**WHAT TO PRODUCE**. Repeat the listing below exactly. Pictures do not belong in the copy.

**AVAILABLE DATA**.
Segment Open
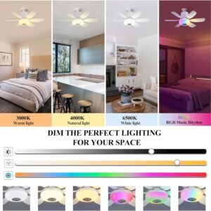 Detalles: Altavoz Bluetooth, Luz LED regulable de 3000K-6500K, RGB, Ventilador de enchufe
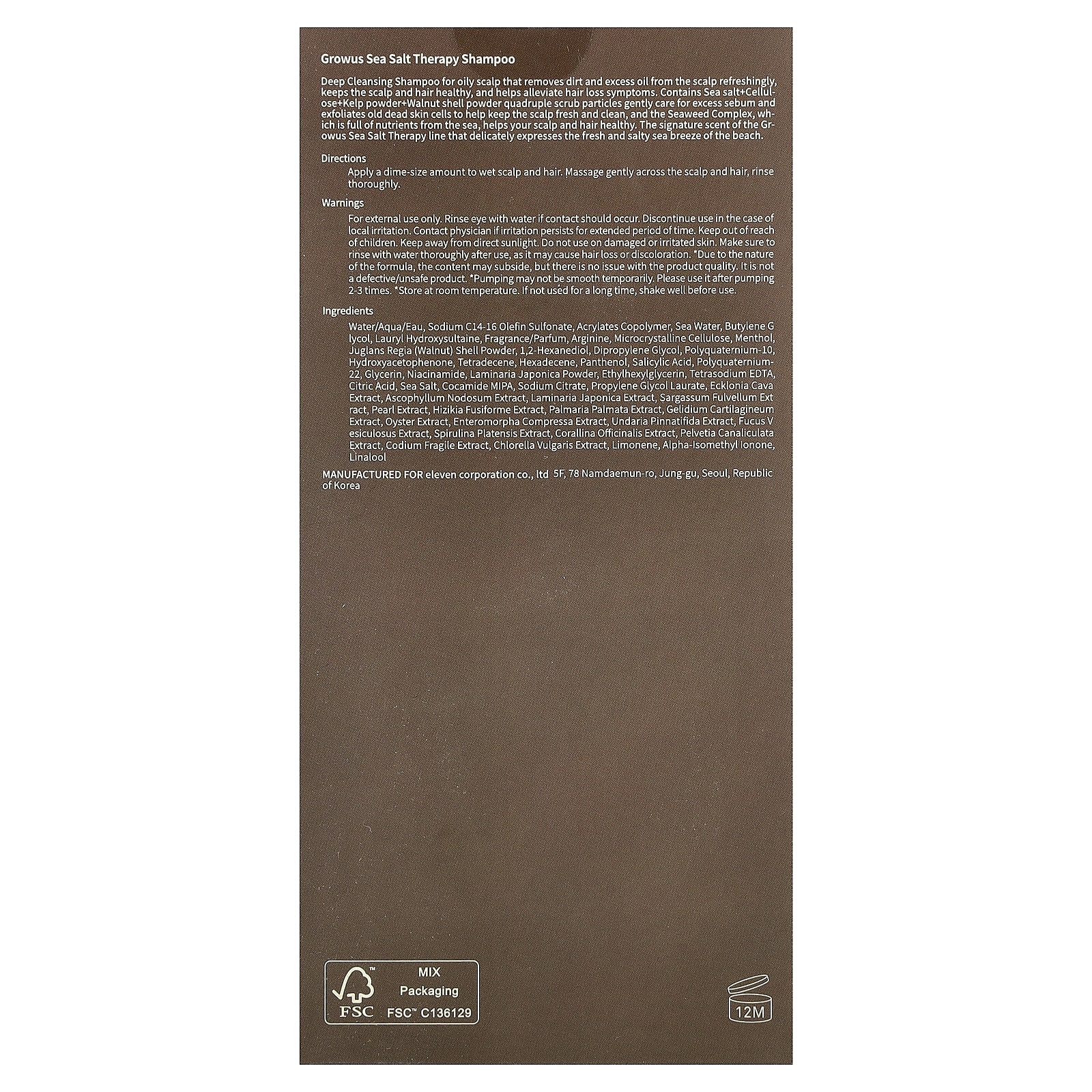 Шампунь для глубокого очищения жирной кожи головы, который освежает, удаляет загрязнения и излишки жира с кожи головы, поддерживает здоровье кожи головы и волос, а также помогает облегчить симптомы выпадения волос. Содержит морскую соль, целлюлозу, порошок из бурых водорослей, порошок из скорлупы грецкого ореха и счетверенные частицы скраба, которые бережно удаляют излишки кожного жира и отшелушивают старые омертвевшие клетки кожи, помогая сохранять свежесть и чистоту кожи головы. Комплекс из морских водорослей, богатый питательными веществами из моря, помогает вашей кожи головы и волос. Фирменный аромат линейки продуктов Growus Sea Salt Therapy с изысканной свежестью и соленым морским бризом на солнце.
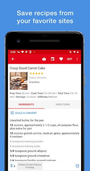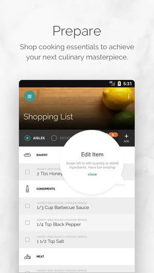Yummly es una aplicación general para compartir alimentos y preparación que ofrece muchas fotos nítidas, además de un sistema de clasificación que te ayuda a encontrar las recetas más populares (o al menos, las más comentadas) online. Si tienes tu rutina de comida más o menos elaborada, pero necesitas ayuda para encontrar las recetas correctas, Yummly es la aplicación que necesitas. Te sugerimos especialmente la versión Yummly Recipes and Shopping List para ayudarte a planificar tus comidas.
Segment Closed
**REPLY**.
 Detalles: Altavoz Bluetooth, Luz LED regulable de 3000K-6500K, RGB, Ventilador de enchufe
 Шампунь для глубокого очищения жирной кожи головы, который освежает, удаляет загрязнения и излишки жира с кожи головы, поддерживает здоровье кожи головы и волос, а также помогает облегчить симптомы выпадения волос. Содержит морскую соль, целлюлозу, порошок из бурых водорослей, порошок из скорлупы грецкого ореха и счетверенные частицы скраба, которые бережно удаляют излишки кожного жира и отшелушивают старые омертвевшие клетки кожи, помогая сохранять свежесть и чистоту кожи головы. Комплекс из морских водорослей, богатый питательными веществами из моря, помогает вашей кожи головы и волос. Фирменный аромат линейки продуктов Growus Sea Salt Therapy с изысканной свежестью и соленым морским бризом на солнце.
Yummly es una aplicación general para compartir alimentos y preparación que ofrece muchas fotos nítidas, además de un sistema de clasificación que te ayuda a encontrar las recetas más populares (o al menos, las más comentadas) online. Si tienes tu rutina de comida más o menos elaborada, pero necesitas ayuda para encontrar las recetas correctas, Yummly es la aplicación que necesitas. Te sugerimos especialmente la versión Yummly Recipes and Shopping List para ayudarte a planificar tus comidas.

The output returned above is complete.